Fiktive Pressemitteilung als Übung für das Fach „Schreibwerkstatt-Pressemitteilung.“

»Mehr Licht als Schatten«.

Der Energiekonzern RWE AG hat einen Umsatzeinbruch von 9% auf 35,3 Milliarden Euro zu verzeichnen. Gründe hierfür ist eine ungewöhnlich milde Witterung und ein insgesamt niedriger Preis im Energiemarkt. Der Vorjahreswert lag um 31% höher und so musste die RWE AG, in den ersten drei Quartalen 2014, ein betriebliches Ergebnis von 2,9 Milliarden Euro verbuchen.
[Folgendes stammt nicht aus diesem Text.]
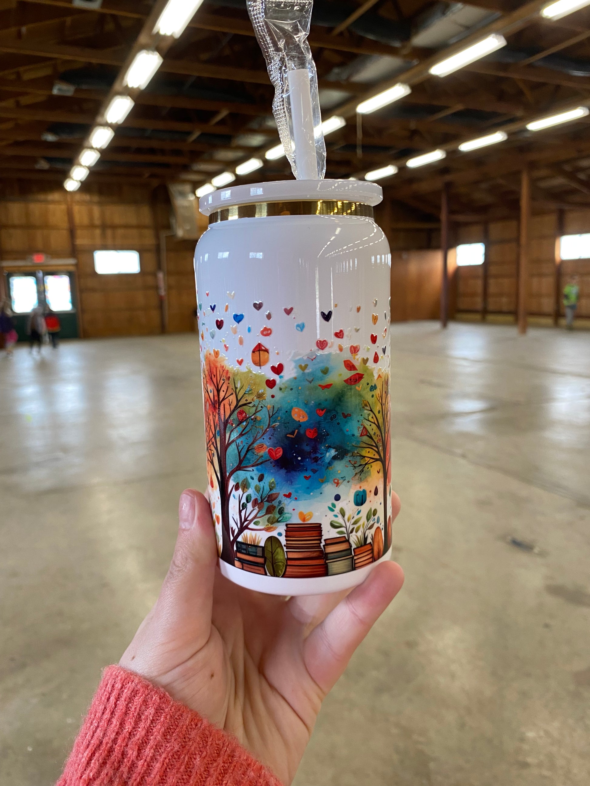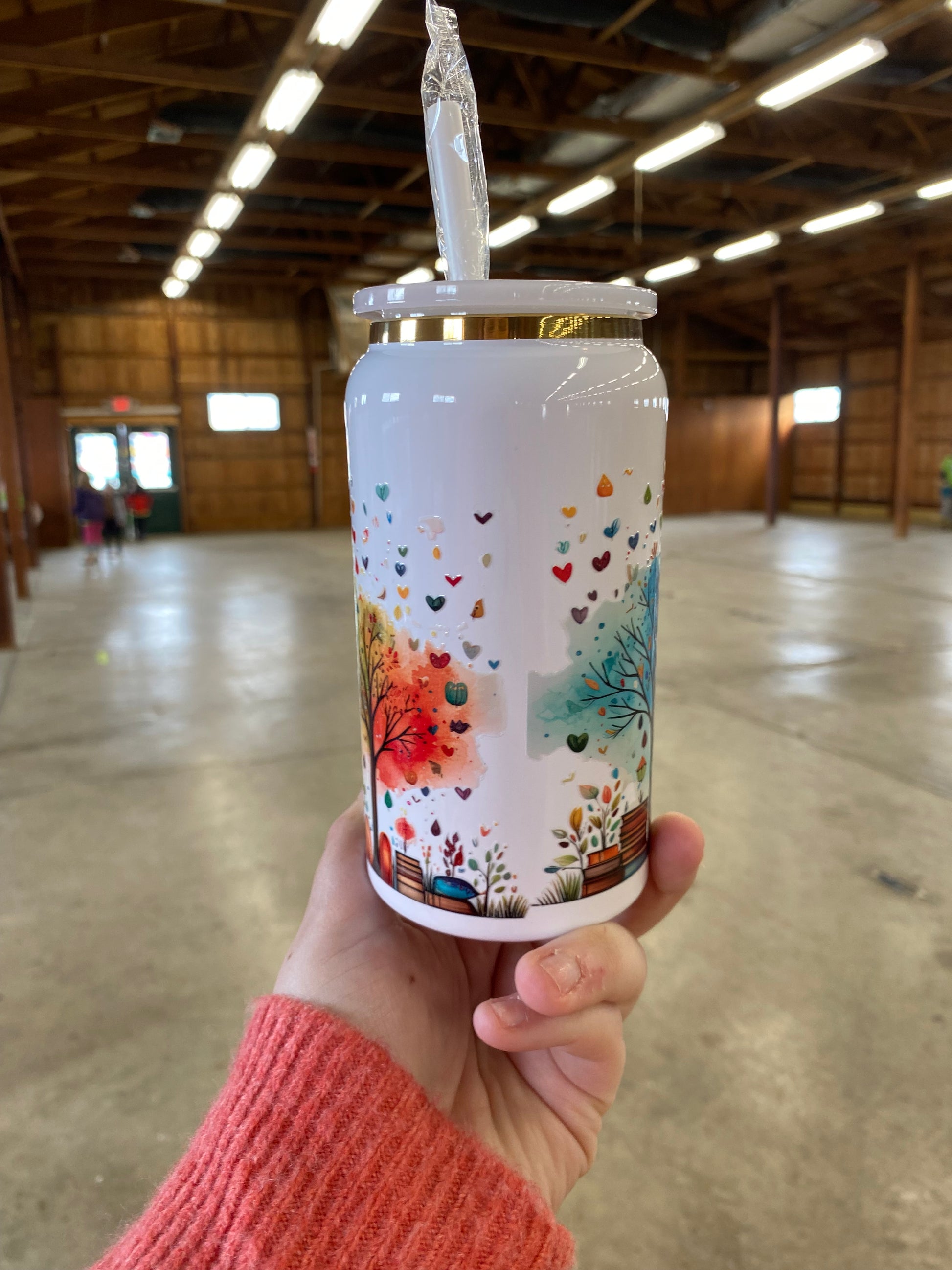 16 oz stainless steel cup. Comes with matching lid and straw. Hand wash only! Good for hot and cold beverages
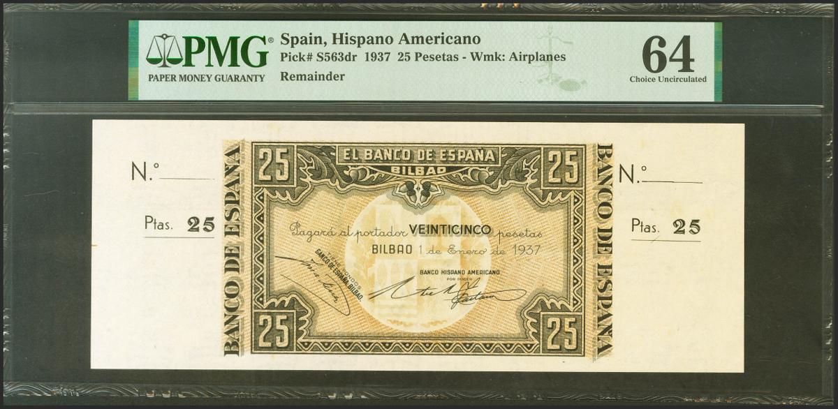 25 Pesetas. 1 de Enero de 1937. Sucursal de Bilbao, antefirma Banco Hispano Americano. Sin serie y sin numeración, con ambas matrices. (Edifil 2021: 388f, Pick: S563dr). SC. Encapsulado PMG64.
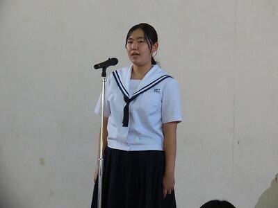 9月20日(金)に、須木総合ふるさとセンターで西諸県地区中学校英語暗唱・弁論大会が行われました。午前中は暗唱の部、午後から弁論の部が実施されました。暗唱は3分間、弁論は5分間です。本校からは、暗唱の部、弁論の部にそれぞれ2名の生徒が出場しました。惜しくも入賞は逃しましたが立派に発表してくれました。何より、挑戦する姿勢が素晴らしいと思います。参加した生徒はもちろん、指導していただいた先生方に感謝します。
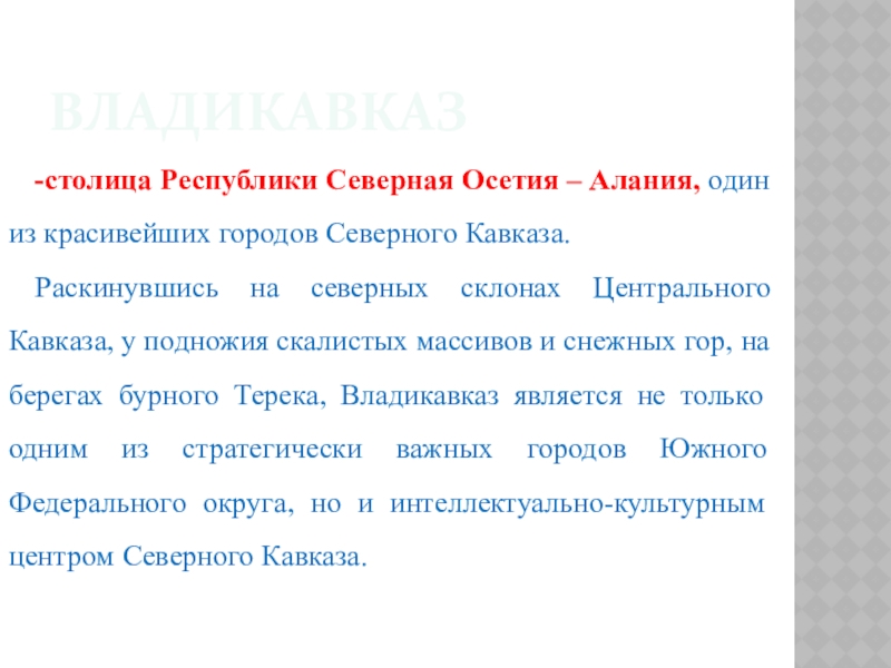 владикавказ-столица Республики Северная Осетия – Алания, один из красивейших городов Северного Кавказа. Раскинувшись на северных склонах Центрального Кавказа, у подножия скалистых массивов и снежных гор, на берегах бурного Терека, Владикавказ является не только одним из стратегически
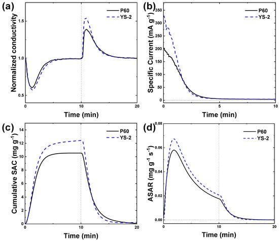 Membrane capacitive deionization (MCDI) performances using P60 and YS-2 electrodes; (a) normalized conductivity profiles; (b) specific current (mA g−1); (c) cumulative salt adsorption capacity (SAC, mg g−1); and (d) average salt adsorption rate (ASAR, mg g−1 s−1) with time of P60 electrode (black) and YS-2 electrode (blue). All graphs were the result of the nearest set to the average value.

Der Gewinn vor Zinsen, Steuern und Abschreibungen – das EBITDA – sank um 22% auf 4,7 Milliarden Euro. Gleichzeitig sank das Nettoergebnis um 60% auf 763 Millionen Euro. Damit verringert sich die Basis für die Berechnung der Dividende.

Diese Rückgänge können begründet werden: Im Vorjahr gab es Einmalzahlungen aus dem Preisrevisionsverfahren zu Gasbezugsverträgen. Gleichzeitig wird das Ergebnis der RWE DEA nicht mehr im laufenden nachhaltigen Nettoergebnis aufgelistet.

Die Nettofinanzschulden wurden auf 8 Milliarden Euro, dank des hohen Free Cashflows herabgesengt. Die Nettoschulden blieben hingegen fast unverändert, da sich die Pensionsrückstellungen erhöht haben.

»Trotz des Ergebnisrückgangs gab es in den ersten drei Quartalen mehr Licht als Schatten,« fasst Peter Terium, Vorstandsvorsitzender der RWE AG, die Lage zusammen. Besonders zwei Dinge haben sich verbessert: Die liquiden Mittel während einer Geschäftsperiode, also der Cashflow und der Free Cashflow. Damit ist der Cashflow aus operativen Tätigkeiten nach Abzug von Sachinvestitionen gemeint. Licht versprechen die Nettofinanzschulden, diese sind um 2,3 Milliarden Euro gesengt worden.

In den ersten neun Monaten 2014 hat die RWE AG 192 Milliarden Kilowattstunden Strom an externe Kunden geliefert. Das sind 4% weniger als im gleichen Zeitraum 2013. Auf Grund des milden Wetters ging der Absatz bei Privat- und Gewerbekunden zurück.

Präqualifizierung in Großbritannien: RWE konnte sich vorläufig, mit allen in Frage kommenden Kraftwerken, für den neuen britischen Kapazitätsmarkt qualifizieren. Kraftwerke, die eine gesicherte Leistung in das Stromnetz einspeisen können, sollen ab 2018 eine Vergütung erhalten. Zudem hat sich die Mitarbeiterzahl bei der RWE AG um 7% im Vergleich zu 2013 verringert. Umgerechnet in Vollzeitstellen arbeiten 60.439 Mitarbeiter bei der RWE AG. Nicht mit eingerechnet ist RWE DEA.

Der Ergebnisausblick für das gesamte Jahr 2014 wird ähnlich ausfallen. Das EBITDA wird zwischen 6,4 und 6,8 Milliarden Euro liegen und das betriebliche Ergebnis wird auf 3,9 bis 4,3 Milliarden Euro kommen. Das nachhaltige Nettoergebnis kommt demnach auf 1,2 bis 1,4 Milliarden Euro und der Außenumsatz wird etwa 50 Milliarden Euro erreichen.